文摘AIM: To investigate whether the routine use of fibrin glue applied onto the hepatic resection area can diminish postoperative volume of bloody or biliary fluids drained via intraoperatively placed perihepatic tubes and can thus lower the complication rate.METHODS: Two groups of consecutive patients with a comparable spectrum of recent hepatic resections were compared: (1) 13 patients who underwent application of fibrin glue immediately after resection of liver parenchyma;(2) 12 patients who did not.
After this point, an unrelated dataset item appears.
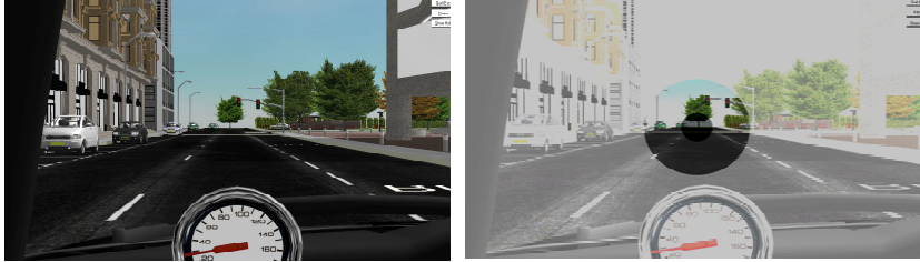
Figure 2: the COSMODRIVE virtual eye, as implemented on SiVIC

received by the Perception module from the Cognition module. Each query requires to focus the virtual eye on a specific area of the road scene. Perceived data is then integrated into the implicit and the explicit mental representations of the Cognition Module.

Volumes of postoperative drainage fluid were determined in 4-h intervals through 24 h indicating the intervention caused bloody and biliary segregation.RESULTS: Through the first 8 h postoperatively, there was a tendency of higher amounts of fluids in patients with no additional application of fibrin glue while through the following intervals, a significant increase of drainage volumes was documented in comparison with the first two 4-h intervals, e.g., after 12 h, 149.6 mL +/-110 mL vs 63.2 mL +/-78 mL. Using fibrin glue, postoperative fluid amounts were significantly lower through the postoperative observation period of 24 h (851 mL +/-715 mL vs 315 mL +/-305 mL).CONCLUSION: For hepatic resections, the use of fibrin glue appears to be advantageous in terms of a significant decrease of surgically associated segregation of blood or bile out of the resection area. This might result in a better outcome.